Given its reputation, one would expect that its reports are smart and insightful. But a recent analysis from McKinsey on homelessness in Seattle is jaw-dropping in its naivete and lack of sophistication.
McKinsey Concludes that Wealth Causes Homelessness
Seattle is in the grips of a homelessness crisis. The city is growing wildly, driven largely by Amazon and other tech firms. Wealth has poured into the city. At the same time, the homeless population has exploded. Therefore, McKinsey concludes, wealth causes homelessness. They even have a nice correlation to prove it. (See graph.) As GDP goes up, so does homelessness. Case closed.
The only problem with that conclusion is that it's insane. There are three major reasons.
#1. It doesn't make sense. George Orwell is quoted as saying, "There are some ideas so absurd that only an intellectual could believe them."1 This is one of those ideas.
The authors of the report clearly failed to answer a very basic question that we teach to elementary school kids: Does my answer make sense? Obviously, it does not. Wealth is a cure for homelessness, not a cause of it.
If wealth causes poverty -- a self-contradictory statement if there ever was one -- then why are poor countries so desperate to become wealthier?
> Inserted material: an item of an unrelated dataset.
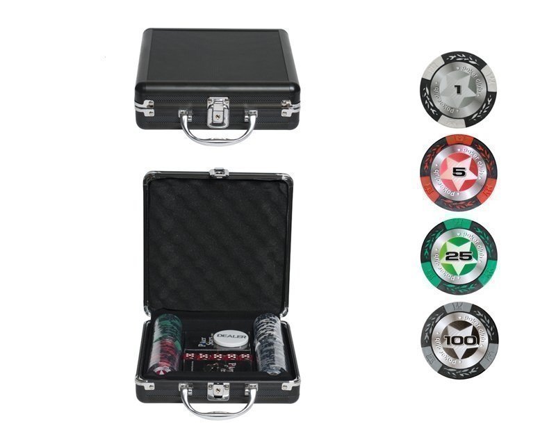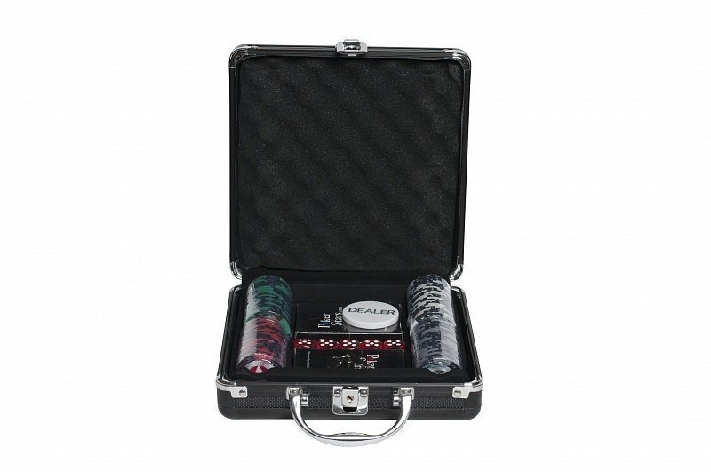 Долой скучное времяпрепровождение! Представляем Вашему вниманию набор для игры в покер Black Stars на 100 фишек, который разнообразит Ваш досуг и соберёт лучших друзей за круглым столом. В красивом стальном кейсе аккуратно сложено всё, что необходимо для достойно проведённой игры: фишка дилера, яркие фишки номиналами 1, 5, 25 и 100, 2 колоды 100% пластиковых карт, а также игральные кости. Данный покерный набор имеет отличный размер, что позволяет брать его с собой в гости или поездки.

If McKinsey's reasoning holds, we should do everything we can to keep poor countries poor. We don't want to create more homeless people, after all.
#2. Correlation is not causation. It's frankly ridiculous that this needs to be said. Just because A correlates with B does not mean A causes B. To prove the point, here's a correlation (r = 0.71) between the number of victories by the University of Washington's Husky football team and the number of homeless people in the Seattle area2.
Look at the shocking increase in the last two years: The Huskies won 12 and 10 football games. Is it really a coincidence that the homeless population spiked at the same time? According to McKinsey's logic, probably not. The solution to homelessness may require UW to win fewer football games.
#3. Many of the real causes of homelessness are uncomfortable to discuss. Homelessness is not caused by wealth. Instead, the Salvation Army lists the following as the primary causes of homelessness:
- Lack of affordable housing
- Poor physical or mental health
- Drug and alcohol abuse
- Family and relationship breakdown
- Domestic violence
- Physical and/or sexual abuse
The McKinsey report discusses affordable housing, but once again, misses the mark3. Housing costs in Seattle are astronomical not just because of high demand but because of restrictive zoning policies that artificially cap the housing supply. The vast majority of the land zoned for residential units are occupied by single-family homes. Terrible zoning policies are just as much (if not more) to blame as high demand. Besides, when a family is priced out of Seattle, they move away. They don't pitch a tent on the street.
Let's hope that the analysis McKinsey does for Fortune 500 companies is of better quality.
(1) He didn't actually say that, but what he did say is very similar.
(2) Incredible, I know. The Huskies went winless in 2008. Thanks a lot, Tyrone Willingham.